[Start of Attachment]

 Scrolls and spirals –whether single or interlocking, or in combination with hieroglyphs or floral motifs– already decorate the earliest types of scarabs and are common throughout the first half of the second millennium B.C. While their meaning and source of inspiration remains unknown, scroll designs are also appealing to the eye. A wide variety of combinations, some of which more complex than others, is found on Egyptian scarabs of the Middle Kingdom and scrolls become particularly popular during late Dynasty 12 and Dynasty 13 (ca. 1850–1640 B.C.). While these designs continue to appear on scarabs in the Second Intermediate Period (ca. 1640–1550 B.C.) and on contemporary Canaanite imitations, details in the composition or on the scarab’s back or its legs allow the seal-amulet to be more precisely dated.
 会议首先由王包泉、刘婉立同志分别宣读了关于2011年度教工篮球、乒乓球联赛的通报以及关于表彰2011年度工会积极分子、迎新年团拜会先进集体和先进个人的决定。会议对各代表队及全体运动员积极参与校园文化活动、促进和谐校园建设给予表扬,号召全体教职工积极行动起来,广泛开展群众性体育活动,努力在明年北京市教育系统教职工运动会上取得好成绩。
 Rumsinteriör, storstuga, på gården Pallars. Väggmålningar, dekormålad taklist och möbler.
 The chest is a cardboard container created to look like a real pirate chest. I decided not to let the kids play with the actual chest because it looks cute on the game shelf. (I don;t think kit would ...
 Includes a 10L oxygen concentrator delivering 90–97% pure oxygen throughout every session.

[End of Attachment]
[Start of Attachment]

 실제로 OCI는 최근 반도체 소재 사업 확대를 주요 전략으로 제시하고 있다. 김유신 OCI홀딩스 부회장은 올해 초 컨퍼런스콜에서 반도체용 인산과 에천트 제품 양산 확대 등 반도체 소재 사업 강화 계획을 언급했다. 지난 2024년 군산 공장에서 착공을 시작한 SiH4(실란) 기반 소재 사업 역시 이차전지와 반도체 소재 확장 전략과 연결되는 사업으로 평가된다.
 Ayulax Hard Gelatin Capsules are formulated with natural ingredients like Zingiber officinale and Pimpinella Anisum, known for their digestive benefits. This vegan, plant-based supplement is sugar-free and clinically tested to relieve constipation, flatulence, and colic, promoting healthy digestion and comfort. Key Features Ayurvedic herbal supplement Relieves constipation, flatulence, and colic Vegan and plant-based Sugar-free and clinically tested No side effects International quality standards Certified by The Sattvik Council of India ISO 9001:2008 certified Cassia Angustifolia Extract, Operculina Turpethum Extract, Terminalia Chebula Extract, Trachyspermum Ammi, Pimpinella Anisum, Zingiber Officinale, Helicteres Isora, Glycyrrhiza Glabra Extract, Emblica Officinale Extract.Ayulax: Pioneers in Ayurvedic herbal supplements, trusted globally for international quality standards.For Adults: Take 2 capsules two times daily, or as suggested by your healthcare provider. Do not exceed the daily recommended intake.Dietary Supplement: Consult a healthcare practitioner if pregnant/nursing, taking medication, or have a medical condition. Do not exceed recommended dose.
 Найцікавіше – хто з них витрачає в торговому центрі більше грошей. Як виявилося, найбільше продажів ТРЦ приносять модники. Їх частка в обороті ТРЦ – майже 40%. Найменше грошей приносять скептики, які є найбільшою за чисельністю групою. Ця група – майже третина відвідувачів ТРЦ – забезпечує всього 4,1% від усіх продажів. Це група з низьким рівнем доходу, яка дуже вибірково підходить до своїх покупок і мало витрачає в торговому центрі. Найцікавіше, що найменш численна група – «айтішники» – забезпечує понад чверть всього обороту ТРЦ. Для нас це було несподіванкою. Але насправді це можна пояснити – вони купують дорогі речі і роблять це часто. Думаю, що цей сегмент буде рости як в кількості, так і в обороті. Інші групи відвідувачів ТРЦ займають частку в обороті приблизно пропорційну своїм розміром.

[End of Attachment]

In the listing above, start at the line with "会议首先由王包泉、刘婉立同志", go on through the line with "Rumsinteriör, storstuga, på", and copy each of those lines exactly; leave out all the rest.

 会议首先由王包泉、刘婉立同志分别宣读了关于2011年度教工篮球、乒乓球联赛的通报以及关于表彰2011年度工会积极分子、迎新年团拜会先进集体和先进个人的决定。会议对各代表队及全体运动员积极参与校园文化活动、促进和谐校园建设给予表扬,号召全体教职工积极行动起来,广泛开展群众性体育活动,努力在明年北京市教育系统教职工运动会上取得好成绩。
 Rumsinteriör, storstuga, på gården Pallars. Väggmålningar, dekormålad taklist och möbler.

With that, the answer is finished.